NON-PROLINE CIS PEPTIDE BONDS IN PROTEINS
Manfred S. Weiss, Andreas Jabs, Rolf Hilgenfeld
Department of Structural Biology and Crystallography, Institute of Molecular Biotechnology, P.O.Box 100 183, D-07708 Jena, Germany
Keywords: Protein Structure, Peptide Bonds, cis Conformation
A non-redundant set of 571 crystallographically determined protein structures from the PDB [1] was analysed with respect to the cis peptide content. A total of 429 (0.3 %) peptide bonds were found to be in the cis conformation. About 90\% of these are of type Xaa-Pro, and the remaining 43 are of type Xaa-nonPro. We have examined these unusual peptide bonds and found that in most cases, they are located at or near the active site of enzymes. This strongly suggests a functional role for them.

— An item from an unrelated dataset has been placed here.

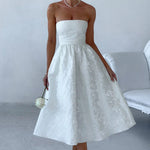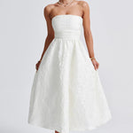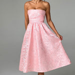Stropløs trapez-aftenkjole i ensfarvet jacquard

Furthermore, it appears as if there is a strong resolution dependence of the cis peptide content in the database. At high resolution (i.e. <= 2.0 A) there are about four times the number of non-Pro cis peptide bonds observed than at medium and low resolution (i.e. > 2.5 A). This suggests that many such peptide bonds may have been overlooked.
From our own experience with the coagulation factor XIII [2] we have developed an algorithm to identify possible non-Pro cis peptide bonds in protein structures that may have been overlooked during the course of structure determination and refinement. Some results will be discussed.